* [WORK TASK] All lines below starting at the one that holds "Het was deze" and ending at the one that holds "四川康藏路橋有限責任公司G3" should be printed exactly, ends included. Pictures should not be printed, nor anything else.

* [DATASET RECORDS]
######
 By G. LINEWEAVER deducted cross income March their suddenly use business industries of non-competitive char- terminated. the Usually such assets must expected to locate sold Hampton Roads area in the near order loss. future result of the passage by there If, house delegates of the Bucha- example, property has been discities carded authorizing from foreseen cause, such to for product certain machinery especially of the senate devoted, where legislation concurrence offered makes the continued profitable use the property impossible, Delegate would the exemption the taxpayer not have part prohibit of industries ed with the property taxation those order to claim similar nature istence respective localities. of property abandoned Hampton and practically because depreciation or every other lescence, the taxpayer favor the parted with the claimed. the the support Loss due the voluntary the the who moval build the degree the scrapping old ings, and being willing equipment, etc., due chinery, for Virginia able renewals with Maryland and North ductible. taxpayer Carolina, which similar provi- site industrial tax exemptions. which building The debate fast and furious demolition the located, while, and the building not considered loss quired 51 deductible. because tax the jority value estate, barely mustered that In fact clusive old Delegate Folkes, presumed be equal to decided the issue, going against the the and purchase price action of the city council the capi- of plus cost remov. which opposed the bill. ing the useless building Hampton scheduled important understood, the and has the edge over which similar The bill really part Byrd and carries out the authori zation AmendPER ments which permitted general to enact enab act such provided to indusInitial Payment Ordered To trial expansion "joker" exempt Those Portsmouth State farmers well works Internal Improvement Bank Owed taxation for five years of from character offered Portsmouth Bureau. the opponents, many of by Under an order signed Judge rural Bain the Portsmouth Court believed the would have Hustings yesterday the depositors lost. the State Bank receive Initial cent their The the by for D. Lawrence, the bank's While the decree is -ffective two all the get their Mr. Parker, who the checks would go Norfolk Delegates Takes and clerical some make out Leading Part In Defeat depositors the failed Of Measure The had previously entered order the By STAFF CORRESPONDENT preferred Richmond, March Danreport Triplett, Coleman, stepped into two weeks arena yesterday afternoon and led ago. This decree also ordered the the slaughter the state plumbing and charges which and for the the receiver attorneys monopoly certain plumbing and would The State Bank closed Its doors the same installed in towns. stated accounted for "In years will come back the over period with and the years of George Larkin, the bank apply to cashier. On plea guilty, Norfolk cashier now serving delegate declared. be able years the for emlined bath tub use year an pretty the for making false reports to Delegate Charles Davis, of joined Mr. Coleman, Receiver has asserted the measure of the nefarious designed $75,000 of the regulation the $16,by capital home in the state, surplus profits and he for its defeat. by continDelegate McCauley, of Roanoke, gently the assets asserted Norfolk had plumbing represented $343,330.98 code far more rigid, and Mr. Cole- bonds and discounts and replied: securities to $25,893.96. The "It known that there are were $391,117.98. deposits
######
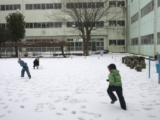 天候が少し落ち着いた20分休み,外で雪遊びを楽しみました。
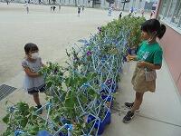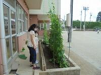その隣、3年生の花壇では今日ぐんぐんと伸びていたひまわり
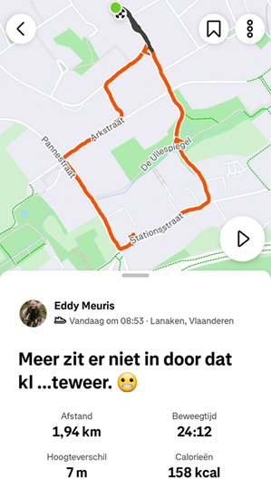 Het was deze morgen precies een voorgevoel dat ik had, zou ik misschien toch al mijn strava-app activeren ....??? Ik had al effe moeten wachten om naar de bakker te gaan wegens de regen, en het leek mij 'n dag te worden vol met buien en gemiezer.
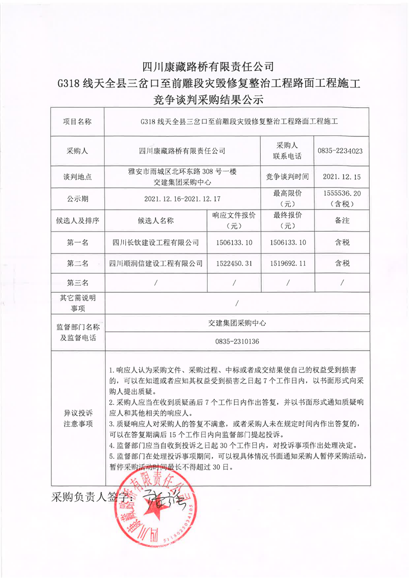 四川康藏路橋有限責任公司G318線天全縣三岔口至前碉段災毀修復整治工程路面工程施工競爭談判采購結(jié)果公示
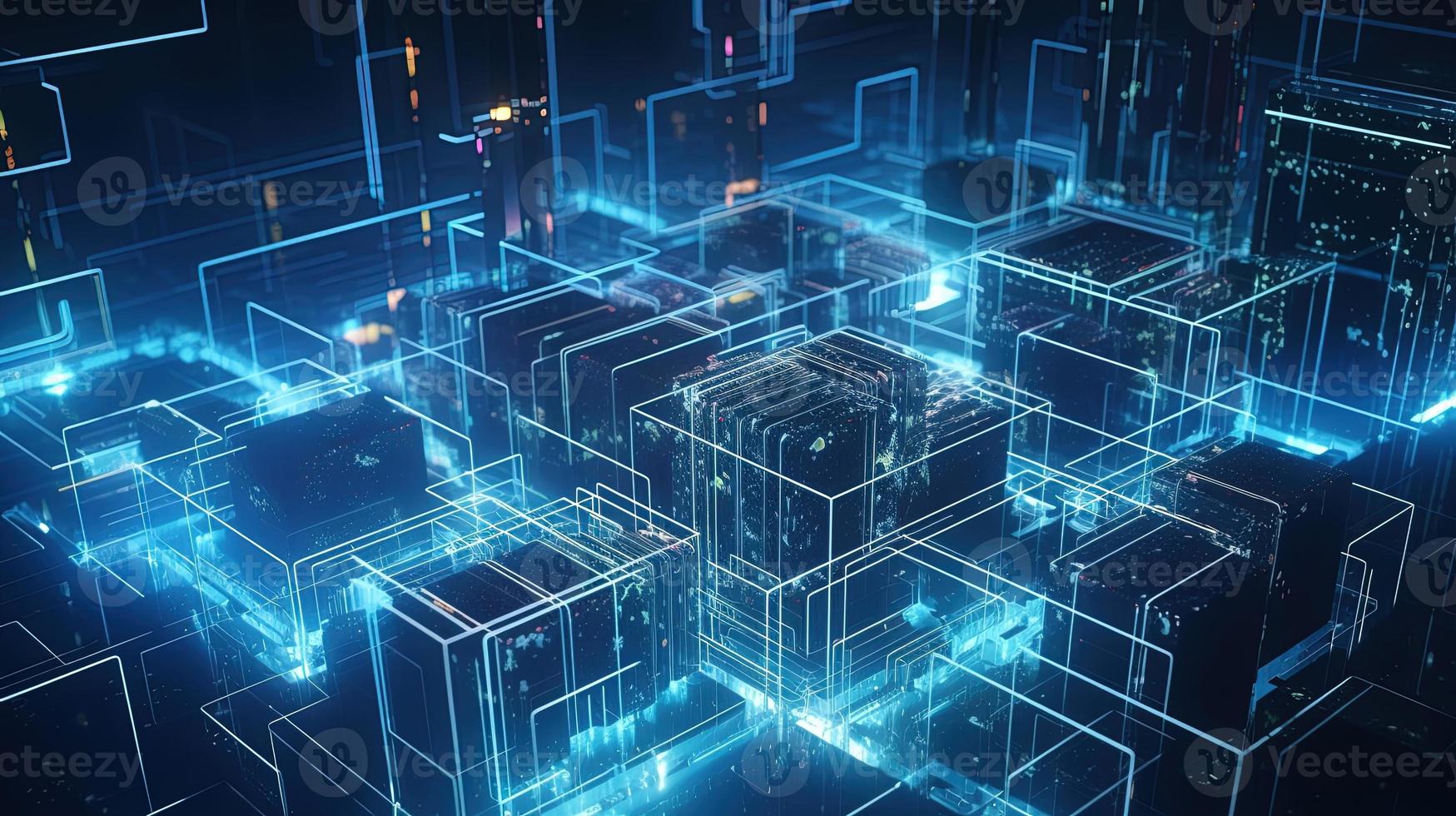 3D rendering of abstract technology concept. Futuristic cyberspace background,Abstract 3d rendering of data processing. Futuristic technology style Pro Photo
######
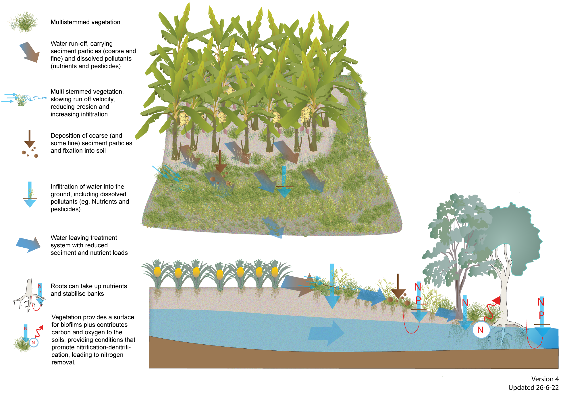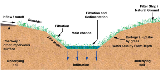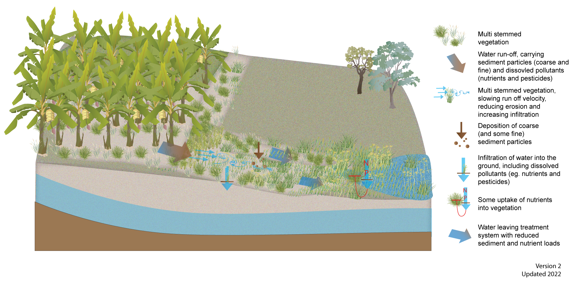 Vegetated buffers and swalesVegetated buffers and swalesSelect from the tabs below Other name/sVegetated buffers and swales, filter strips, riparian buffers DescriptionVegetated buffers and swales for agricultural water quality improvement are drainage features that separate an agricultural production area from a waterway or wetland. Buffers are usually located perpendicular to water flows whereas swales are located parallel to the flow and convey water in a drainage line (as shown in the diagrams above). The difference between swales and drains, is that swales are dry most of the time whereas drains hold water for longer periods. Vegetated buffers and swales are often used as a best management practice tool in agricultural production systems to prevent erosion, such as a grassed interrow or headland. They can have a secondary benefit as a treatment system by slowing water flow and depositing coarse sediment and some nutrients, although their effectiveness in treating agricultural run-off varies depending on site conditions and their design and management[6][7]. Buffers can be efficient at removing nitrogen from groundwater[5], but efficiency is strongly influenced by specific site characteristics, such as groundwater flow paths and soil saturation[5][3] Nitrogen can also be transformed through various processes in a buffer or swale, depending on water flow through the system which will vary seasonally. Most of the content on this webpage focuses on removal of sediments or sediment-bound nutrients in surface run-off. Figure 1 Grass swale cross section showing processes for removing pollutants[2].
######
* [FINAL ANSWER]
 Het was deze morgen precies een voorgevoel dat ik had, zou ik misschien toch al mijn strava-app activeren ....??? Ik had al effe moeten wachten om naar de bakker te gaan wegens de regen, en het leek mij 'n dag te worden vol met buien en gemiezer.
 四川康藏路橋有限責任公司G318線天全縣三岔口至前碉段災毀修復整治工程路面工程施工競爭談判采購結(jié)果公示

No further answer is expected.